*Description of the task*.
Every line in the records below between the one holding "Learn moreIn a" and the one holding "Épure, mouvement et", inclusive, is to be set down exactly; all other lines are to be left out.
--- Record excerpts ---
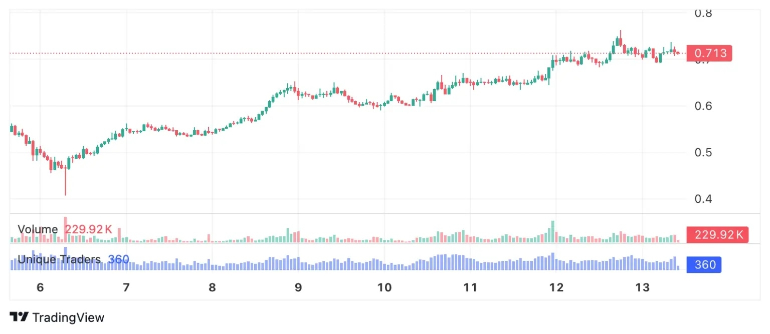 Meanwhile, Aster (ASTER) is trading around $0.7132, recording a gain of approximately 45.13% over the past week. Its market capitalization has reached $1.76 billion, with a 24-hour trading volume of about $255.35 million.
---
--- Record excerpts ---
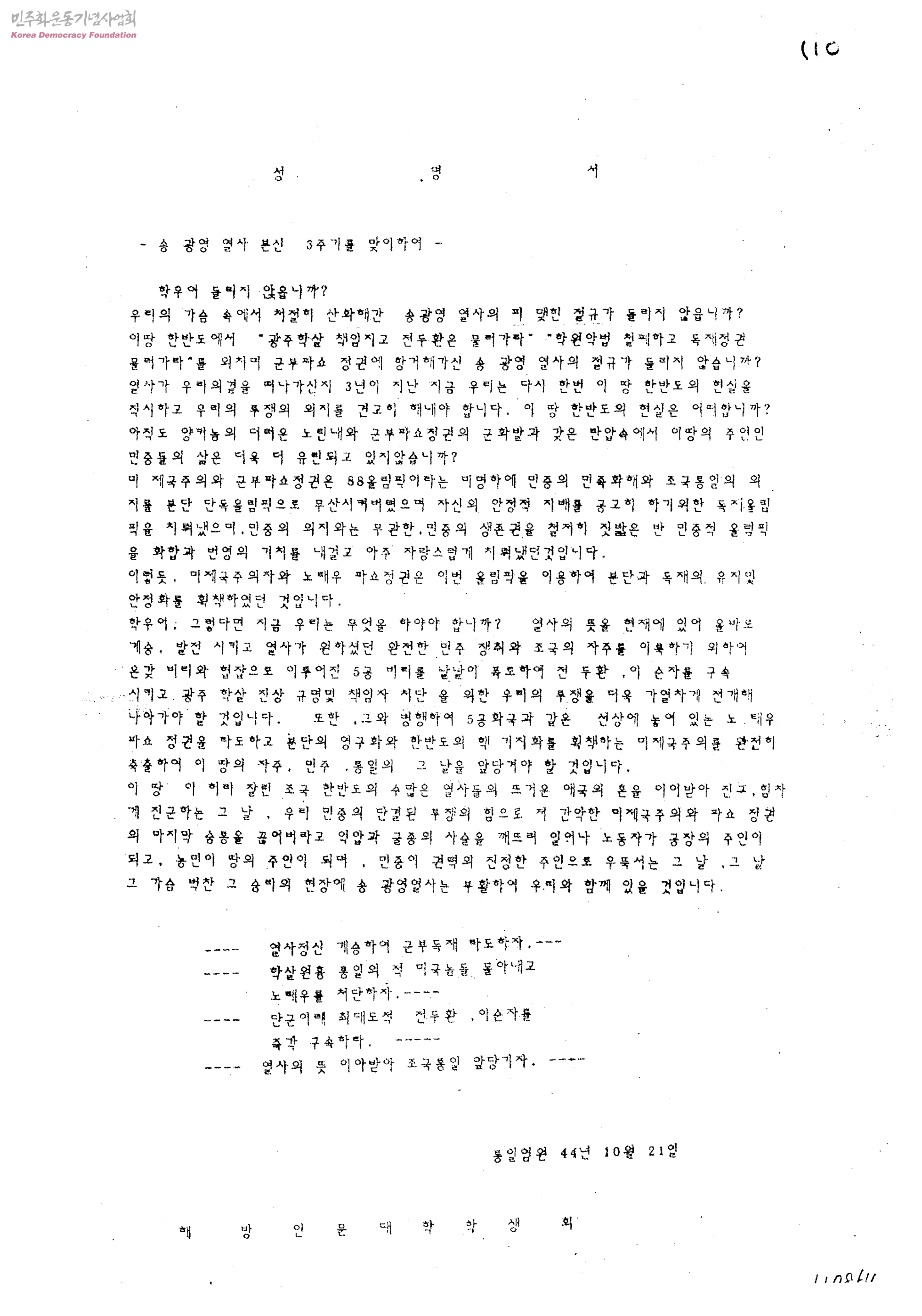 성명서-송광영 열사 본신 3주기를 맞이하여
---
--- Record excerpts ---
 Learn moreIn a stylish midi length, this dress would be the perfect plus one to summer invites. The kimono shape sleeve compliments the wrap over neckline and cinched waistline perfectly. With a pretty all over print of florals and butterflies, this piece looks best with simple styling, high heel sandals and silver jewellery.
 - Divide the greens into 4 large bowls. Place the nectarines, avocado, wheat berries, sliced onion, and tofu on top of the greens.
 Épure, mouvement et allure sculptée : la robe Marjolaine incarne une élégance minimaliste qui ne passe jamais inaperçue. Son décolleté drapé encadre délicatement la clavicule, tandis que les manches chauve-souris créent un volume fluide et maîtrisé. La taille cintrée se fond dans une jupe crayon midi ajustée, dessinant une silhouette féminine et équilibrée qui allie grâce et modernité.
---
*Solution*.
 Learn moreIn a stylish midi length, this dress would be the perfect plus one to summer invites. The kimono shape sleeve compliments the wrap over neckline and cinched waistline perfectly. With a pretty all over print of florals and butterflies, this piece looks best with simple styling, high heel sandals and silver jewellery.
 - Divide the greens into 4 large bowls. Place the nectarines, avocado, wheat berries, sliced onion, and tofu on top of the greens.
 Épure, mouvement et allure sculptée : la robe Marjolaine incarne une élégance minimaliste qui ne passe jamais inaperçue. Son décolleté drapé encadre délicatement la clavicule, tandis que les manches chauve-souris créent un volume fluide et maîtrisé. La taille cintrée se fond dans une jupe crayon midi ajustée, dessinant une silhouette féminine et équilibrée qui allie grâce et modernité.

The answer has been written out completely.